Song Of The Day 2/23/2015: Black Lace - "Agadoo"

Do the Dance Craze: I wasn't familiar with the Agadoo before I compromised my already-plummeting standards and watched this video for the first time, but the readers of Q magazine named it the worst song of all time (or something just as damaging) a few years ago, so I figured somebody in my social circle had heard it. I asked on Facebook if it was so; only two people responded they were familiar with the Agadoo, although King Dinosaur claimed to have invented it.

What can I tell you: This is what happens when you watch Carmen Miranda films after Ted Turner's colorized them.

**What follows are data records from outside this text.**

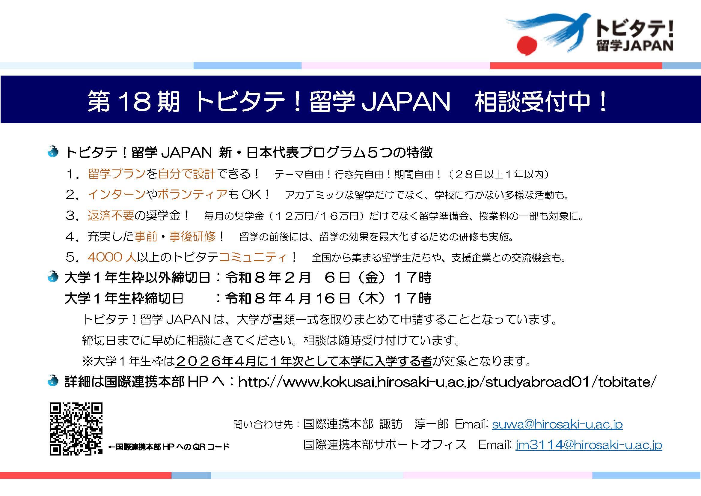 文部科学省官民協働海外留学創出プロジェクト「トビタテ!留学JAPAN」新・日本代表プログラム第18期の募集が開始となります。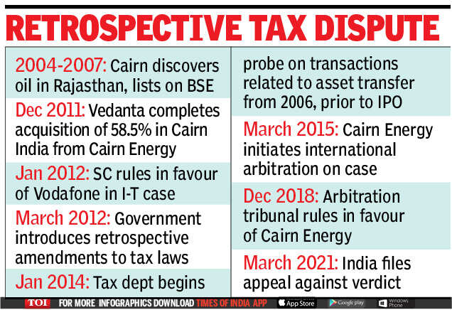 In December 2020, a permanent court of Arbitration at The Hague had ruled that the Indian government should pay damages worth $1.2 billion to Cairn Energy, since a case of retrospective tax was wrongly applied on the company.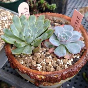 またまた台風ですね… 各地大きな被害が出ませんように🙏 私もこれから多肉を移動させなければ…一応 やっと出来た寄せ植え❣️寄せ植えたのしいのよね(≧∇≦) あっピック刺すのわすれちゃった😥
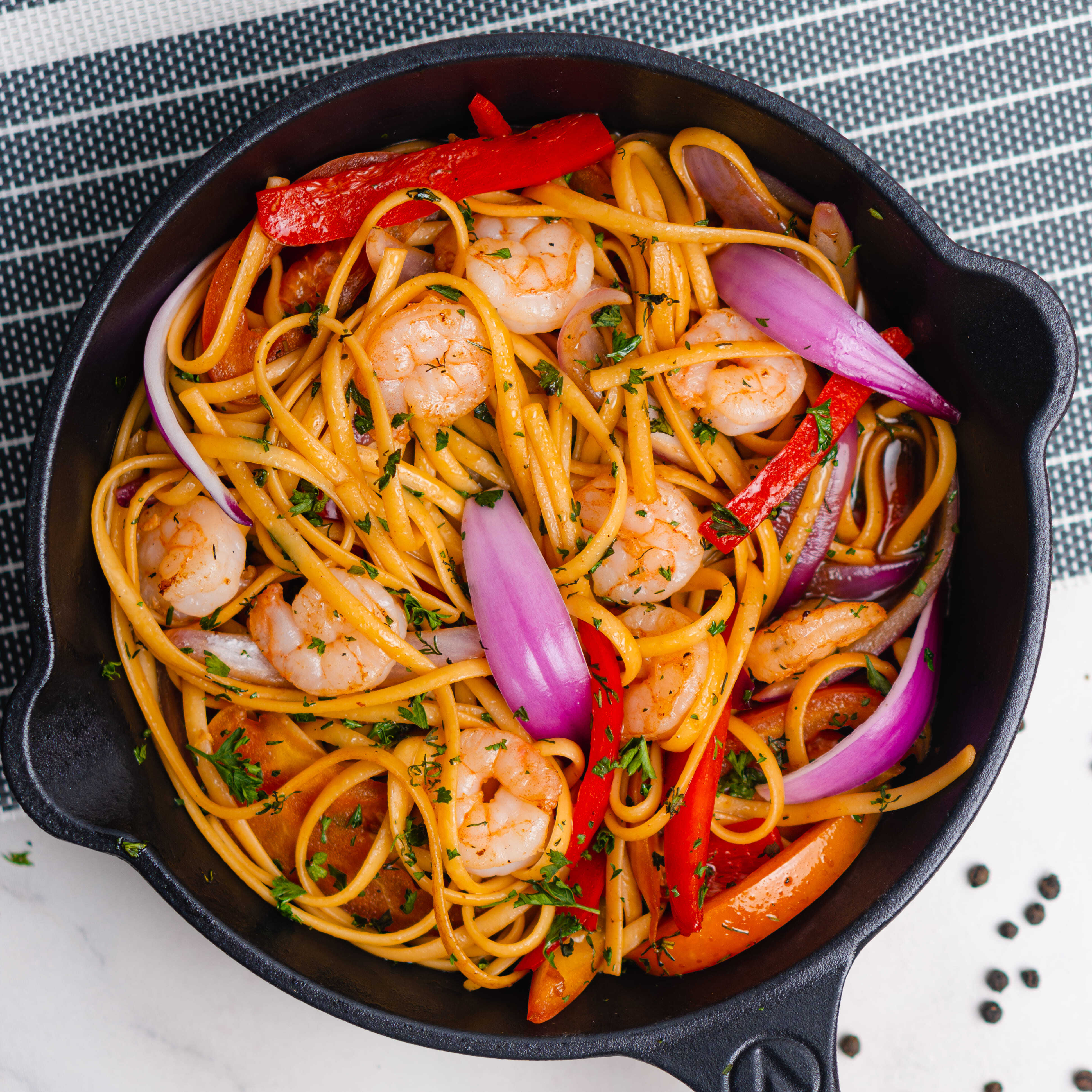 Tallarines con camarones tigre al vino salteados al wok en salsa peruana y vegetales frescos (tomate, pimenton, cebolla morada y cilantro).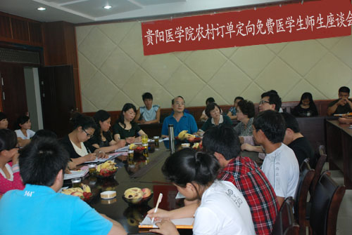 为进一步做好农村订单定向医员工免费培养工作,稳定定向班同学们的专业思想,进一步树立服务基层的远大理想,培养“下得去、用得上、留得住”的高级卫生人才,TapTap于2012年5月7日下午在基础二号楼三楼会议室召开TapTap定向班师生座谈会,贵阳医公司员工处处长周嫆,教务处副处长温小军、分子生物学重点实验室常务副主任单可人,医学定向班各科科任教师,基础医公司党委书记张红霞、经理徐国强、党委副书记周红及2010级、2011级定向科任课教师、辅导员和员工代表46人出席了座谈会。座谈会由基础医公司党委书记张红霞主持。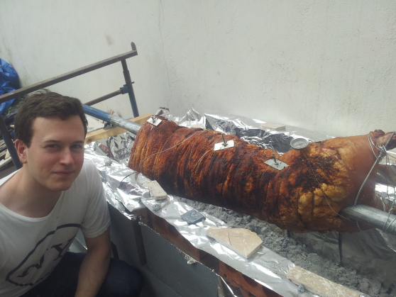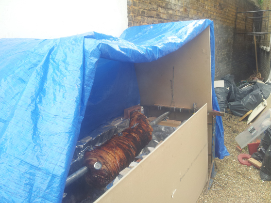 Although Skinny’s rolling joints for the pole were another spot of genius, it did mean that every 10-15 minutes for 12 hours we had to manually turn the pig. It was also a two man job. Labour heavy, sure. Would it be worth it? Absolutely.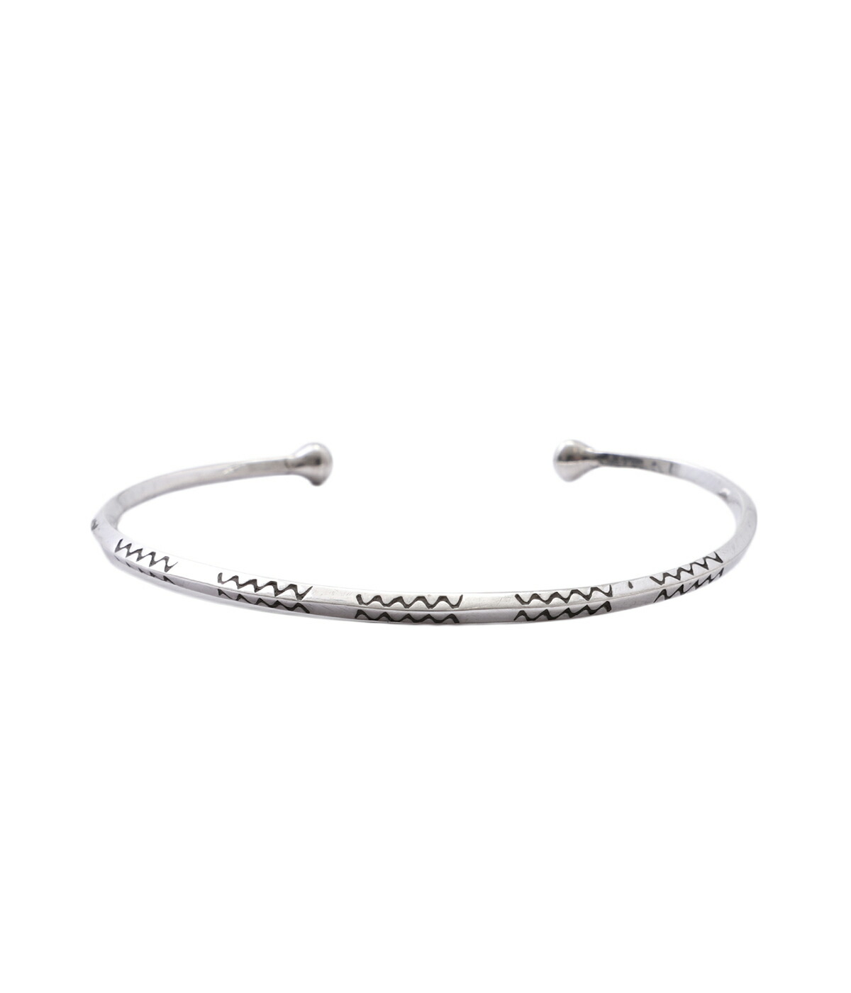 北アフリカ先住民族トゥアレグ族が手掛けるシルバー925製ブレスレット。中央の象徴的な文様と周囲に施された鱗のような細密な手彫りが特徴で、1刀1刀の彫刻には事物や物語、寓意の意味が込められています。細身で他のブレスレットとも重ね付けしやすく、シンプルながら確かな存在感でコーデのアクセントに最適。ハンドメイドのため個体差があり、付属袋のデザインも一点一点異なる仕様。サイズはFREE(ONE)(幅0.4cm、内周17.5cm、開口部3.5cm)。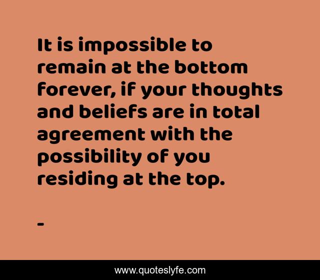 It is impossible to remain at the bottom forever, if your thoughts and beliefs are in total agreement with the possibility of you residing at the top.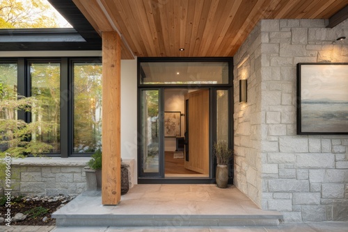 modern, house, front, entrance, stone, structure, wooden, beam, residential, area, daylight, greenery, large, window, inviting, space, interior, design, entranceway, nature, landscaping, home, architecture, doorway, contemporary, style, yard, light, decor, building, wood, stone, idea, welcoming, calmness, view, plant, step, door, clean, line, glasses, open, natural, minimalist, cosy, environment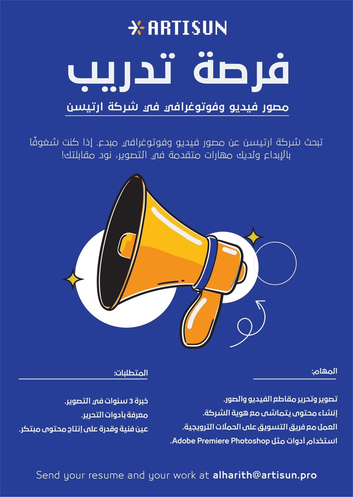 شركة ارتيسن - فرصة تدريبية ( مصور فيديو وفوتوغرافي )

Black Lace were two chaps from England who dressed like they were Australian. Before this banana republic of a song, Black Lace were selected to participate in -- say it together, everybody -- the Eurovision Song Contest. They finished 7th with a song called "Mary Ann," which I understand is generally how anybody who acts like this finishes with Mary Ann.

The Agadoo itself is as low-intensity a dance as you can get. The hip-shaking and gyrating performed by Black Lace in this video is strictly personal choice, and some communities may be put off by the gratuitous showing of such flair. I know you all want me to get into an analysis of the lyrics, which give the very rough outline of a maiden on the Hawaiian island of O'ahu selling pineapples. There's your lyrical analysis. Hawaii, pineapples. Really hard to mine more nuances from a stereotype so quickly arrived at. That's something you come up with when you really have to be somewhere in half an hour. Also, not one part of the music sounds the least bit Hawaiian. No effort to even simulate the far less hyperactive slack-key guitar of the islands with an Oberheim synth. It's the farthest thing from Hawaiian, which means it's... Eurovision!

As for the video, you got dancing fruit. Someone offered their own thoughts via erratically placed subtitles, of which this is my favorite: "Is this dance fruitist??" Because there's a lot of pineapple-shoving in it, you see. Good to see the Agadoo inspires the snarky creativity in all of us.

Finally: Nobody in the world, any civilization, any society, any subculture, grinds coffee like that.